Comment 14 Tuomas Kulve (reporter) 2008-01-14 16:28:10 UTC
(In reply to comment #13)
> Could these be something that ogg/vorbis/gstreamer combination allocates
> (and dirties), they are not there without oggs?

I don't have a clue how the crawler works. 

This is what ogg-support package adds to crawler:

Nokia-N810-50-2:~# grep ogg /usr/share/libmetalayer/metadata_lib.conf 
ogg libmtext_gst

I tried asking what does that actually mean but I never got any replies.
Comment 15 Eero Tamminen nokia 2008-01-14 16:44:08 UTC
(In reply to comment #14)
> This is what ogg-support package adds to crawler:
> 
> Nokia-N810-50-2:~# grep ogg /usr/share/libmetalayer/metadata_lib.conf 
> ogg libmtext_gst
> 
> I tried asking what does that actually mean but I never got any replies.

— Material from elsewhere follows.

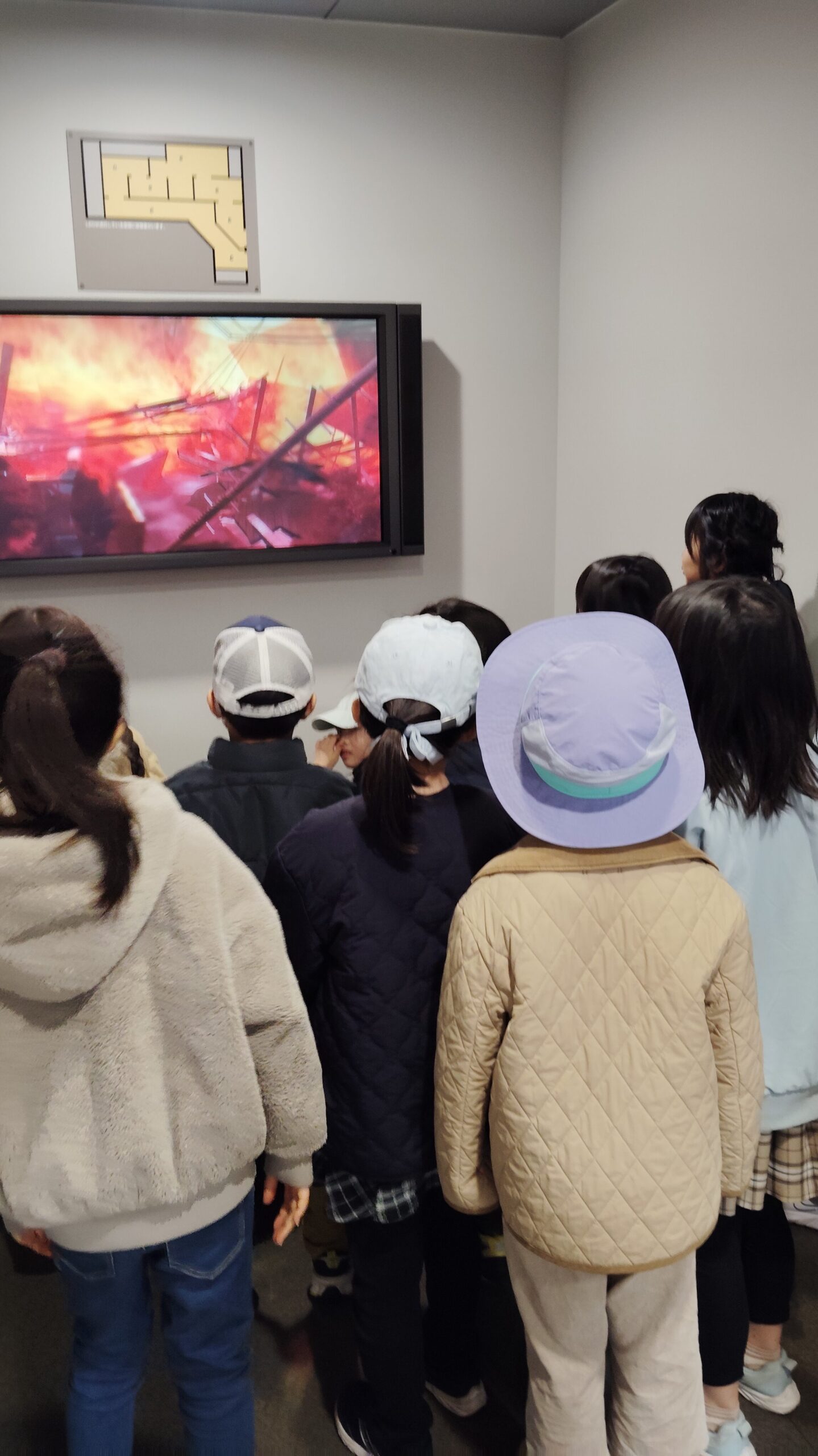 火災の映像を見た後は、煙の中を避難する訓練や震度6の揺れを体験することができました。

Based on the "Extractors" comment on that conf file and:
# dpkg -S libmtext_gst
libmetalayer0: /usr/lib/libmtext_gst.so.0

I would guess that is a crawler library for extracting media file
information using Gstreamer.  There seems to be other formats listed
also as requiring libmtext_gst, so if that leaks (or otherwise has
large memory usage), those other file formats are going to have
the same issue too.
Comment 16 Eero Tamminen nokia 2008-01-14 18:31:23 UTC
Crawler could support something like ".noindex" file for skipping certain 
directories from scanning.  Map could then use that, but it would need
to be a maemo standard so that also 3rd party crawlers would use it.

Is there any (open source or other) standard for skipping directories from
scanning?
Comment 17 Andre Klapper maemo.org 2008-09-22 16:34:57 UTC
After last weekend's Maemo Summit, it's clear that Nokia is working on an Open
Source replacement for metalayer-crawler based on Tracker, so this bug is
obsolete/invalid for Fremantle.
Hence I also don't expect much Metacrawler bugfixing for Diablo anymore, to be
realistic. This might be frustrating for Diablo users, but ressources are
unfortunately limited.

I'm going to close this report as WONTFIX for Diablo (and INVALID for
Fremantle) soon if nobody has strong objections.
Comment 18 Andre Klapper maemo.org 2008-11-06 21:32:20 UTC
Tuomas, I assume you've added the option
     Settings > Control Panel > Extras > Ignore Maps' OGGs
because of that to ogg-support?

Anyway, WONTFIX as we switch to Tracker for Fremantle.
Comment 19 Tuomas Kulve (reporter) 2008-11-07 07:59:15 UTC
(In reply to comment #18)
> Tuomas, I assume you've added the option
>      Settings > Control Panel > Extras > Ignore Maps' OGGs
> because of that to ogg-support?

Yes.

> Anyway, WONTFIX as we switch to Tracker for Fremantle.

..
Comment 20 Tuomas Kulve (reporter) 2009-09-26 11:35:01 UTC
I'm closing this bug as it's already verified.